Task objective: Although pictures appear in the records, the copy must leave them out and match everything else exactly.

** Opening Task data block **

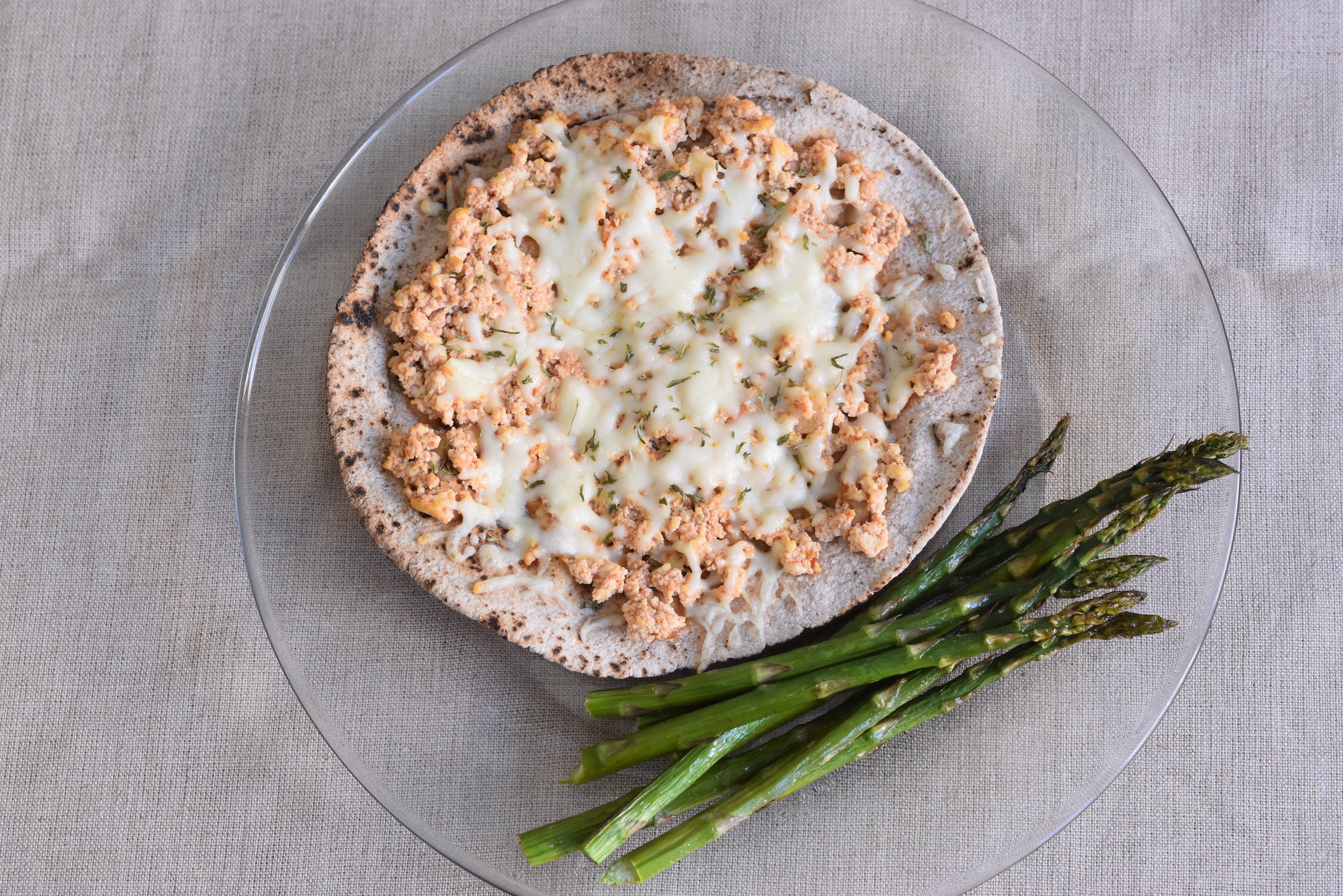 Pizza sur pita au tofu sauce chili, avec asperges grillées
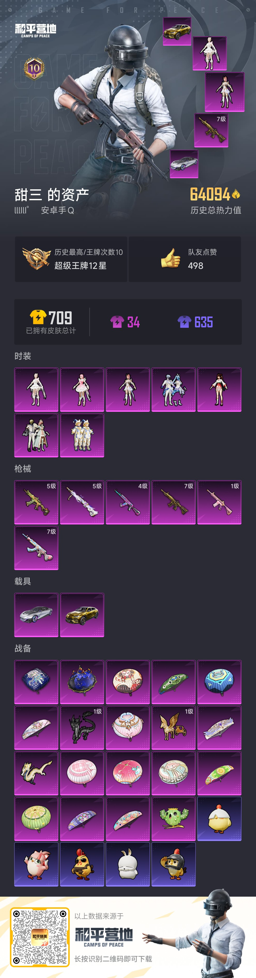 10王牌印记-8粉装-6特效枪-2载具-66157热力值-123套装-200枪皮
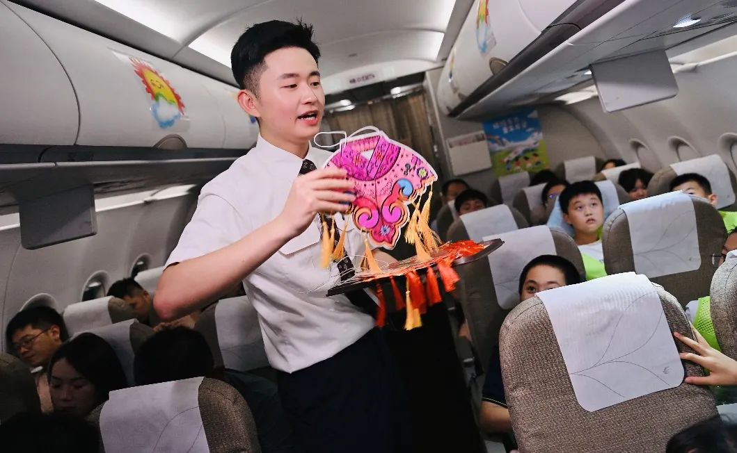 空乘哥哥姐姐们还为大家拿来了定制儿童毛毯和创意非遗手作,让万米高空成为童心绽放的趣味课堂。
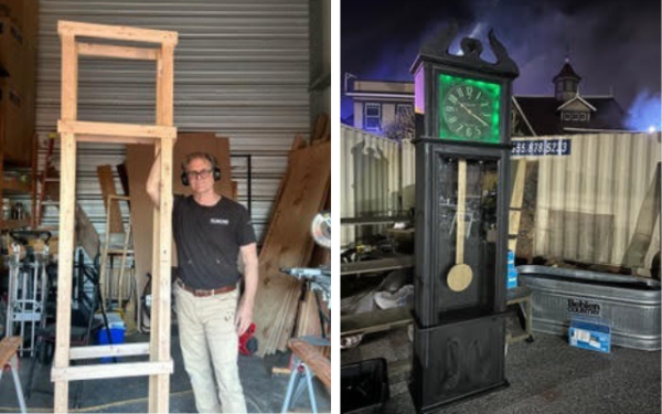 Golden in his shop with an in-progress shot of a large Grandfather Clock prop for Winchester Mystery House. Right: finished prop.
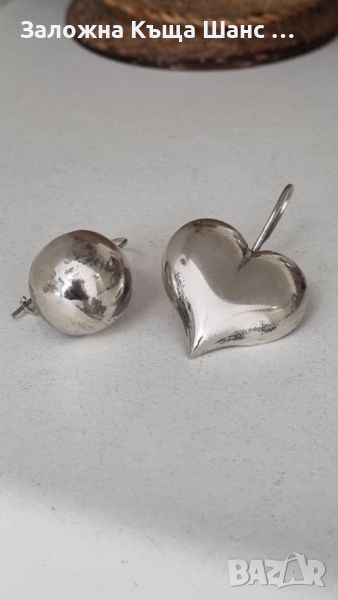 Две сребърни обеци с различни форми на сърце и кълбо 925 проба и общо тегло 10,60 грама с дължина 3 см
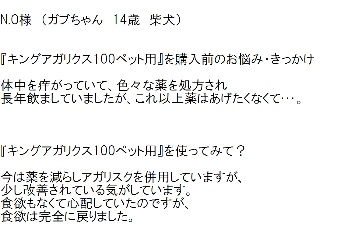 お客様にアンケートに答えていただきました。 ↓ N.O様 (ガブちゃん 14歳 柴犬) 『キングアガリクス100ペット用』を購入前のお悩み・きっかけ 体中を痒がっていて、色々な薬を処方され 長年飲ましていましたが、これ以…

** Closing Task data block **

Exercise output:
 Pizza sur pita au tofu sauce chili, avec asperges grillées
 10王牌印记-8粉装-6特效枪-2载具-66157热力值-123套装-200枪皮
 空乘哥哥姐姐们还为大家拿来了定制儿童毛毯和创意非遗手作,让万米高空成为童心绽放的趣味课堂。
 Golden in his shop with an in-progress shot of a large Grandfather Clock prop for Winchester Mystery House. Right: finished prop.
 Две сребърни обеци с различни форми на сърце и кълбо 925 проба и общо тегло 10,60 грама с дължина 3 см
 お客様にアンケートに答えていただきました。 ↓ N.O様 (ガブちゃん 14歳 柴犬) 『キングアガリクス100ペット用』を購入前のお悩み・きっかけ 体中を痒がっていて、色々な薬を処方され 長年飲ましていましたが、これ以…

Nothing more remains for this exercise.